Было жаркое солнечное воскресенье во второй половине августа. Нарядная публика разукрасила убогую беседку скачек. Галерея, ложи и ряды деревянных скамеек, поднимавшихся амфитеатром, были заняты аристократической и купеческой Москвой, партер - спортсменами и франтами в светлых костюмах. Около касс тотализатора публики по обыкновению было мало. Тогда еще игра шла слабая. Самой интересной в этот день была скачка непобедимого Перкуна, с которым скакали три достойных его соперника с лучшими жокеями - англичанами. На Перкуне ехал считавшийся тогда первым жокей Амброз - это окончательно обеспечивало победу Перкуна. На остальных трех, записанных уже не думая о первом призе, только в надежде получить второй или третий, скакали Клейдон, Конер и Шелли. На пятой лошади, принадлежавшей И. М. Ильенко, собственного его завода, Фогабале, скакал только что вышедший из конюшенных мальчиков жокей Воронков. Все билеты в тотализаторе стояли на Перкуна. Публика играла наверняка: лучше гривенник нажить, чем рубль прожить. Нашлись охотники и "резануть", то есть поставить на других лошадей, вернее, на жокеев-англичан, и только в Фогабала, а главное, в жокея Воронкова никто не хотел верить.

- Харьковский хохленок супротив четырех англичан!

Опустил стартер флаг. С места ринулись скакуны, впереди всех Амброз с улыбкой уверенности в своей победе. Иногда он оглядывался на Клейдона и Конера, голова в голову поспевающих за ним. Близко к ним скакал молоденький, розовый, как девушка, Шелли, а сзади, почти в хвосте у него, коренастый Воронков на своем Фогабале, который шел спокойным махом, будто и не участвовал в скачке, а так, для галопа трепался.

В последнем повороте Воронков легким посылом перегнал Шелли и приблизился чуть-чуть к двум соперникам, в хлысте наседавшим на Перкуна. Пришлось и Амброзу взяться за хлыст, начали резаться вовсю все трое, и все-таки Перкун был на корпус впереди.

И вот Воронков, сохранивший силы, уже перед самым призовым столбом уверенным посылом выбросил своего Фогабала и легко, без хлыста, пришел первым на целый корпус впереди Амброза.

Так с этого дня и осталось прозвище за Воронковым - "хитрый хохленок".

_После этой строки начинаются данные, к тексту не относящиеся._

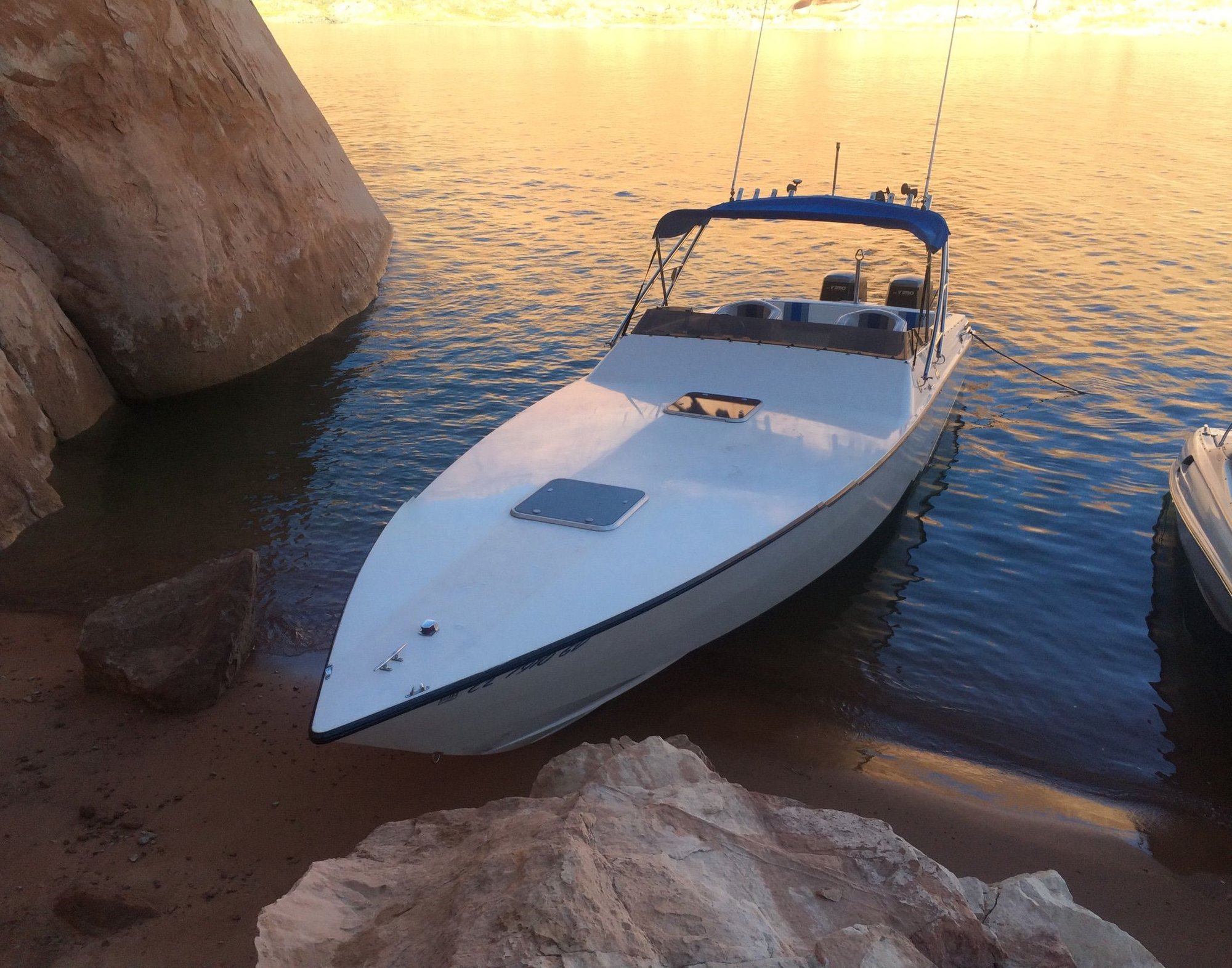 Good luck with the rigging! Great looking Scarab. Your friend, that's been giving you advice, has got a very rare boat. I almost bought a sister boat to his, called 'The Edge'. It was hull number #3 of those David Aronow boats he named Legend 32. It was built for Ritchie Powers by Mark McManus at Apache. Aronow used the Midnight Express 32SS mold, but added a pad towards the transom on most of them. Only 6 were built total and most were open center console.
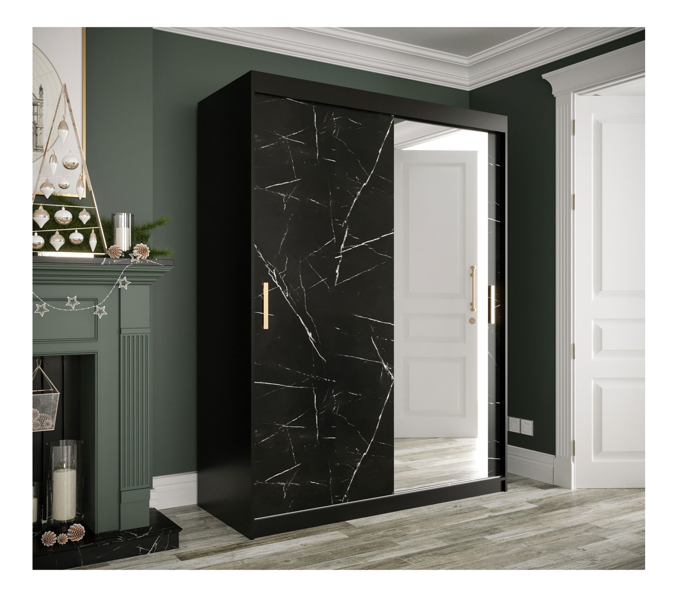 Šatníková skriňa 150 cm Marbelo T2 (matná čierna + čierny mramor)

А что было в беседке! И партер, и ложи, и галерея - все гудело, ругало англичан… Всех и вся поносила неистовая публика. Требовали назад деньги. На Фогабала никто не играл, оказался поставленным билет только в одной кассе, и его взял какой-то гимназист, который не имел понятия о лошадях, а просто подошел, вынул рубль и сказал:

- Дайте нумер третий.

Цифра ли ему понравилась, мечтал ли он о тройке за латынь, а получил груду кредиток - тысячу триста девятнадцать рублей на свой рубль, которые он, вытараща от волнения глаза, не считая, рассовывал по карманам своей старой блузы и серого пальто. Счастливца окружили, смущали в продолжение всего антракта, терзали разнообразными вопросами и оставили его, лишь услыхав звонок новой скачки.

В следующем антракте его не нашли. Кто он был, никто не знал.

В газетах на другой день была описана победа Фогабала и неизвестный гимназист, получивший за рубль тысячу триста девятнадцать рублей. Даже люди, никогда не посещавшие скачек и не знавшие слова тотализатор, заинтересовались, конечно, не лошадьми, а возможностью выиграть тысячу на рубль. И через день на следующих скачках, несмотря на будни, публики было вдвое больше, а в воскресенье через неделю деревянные трибуны были переполнены, игра шла вовсю.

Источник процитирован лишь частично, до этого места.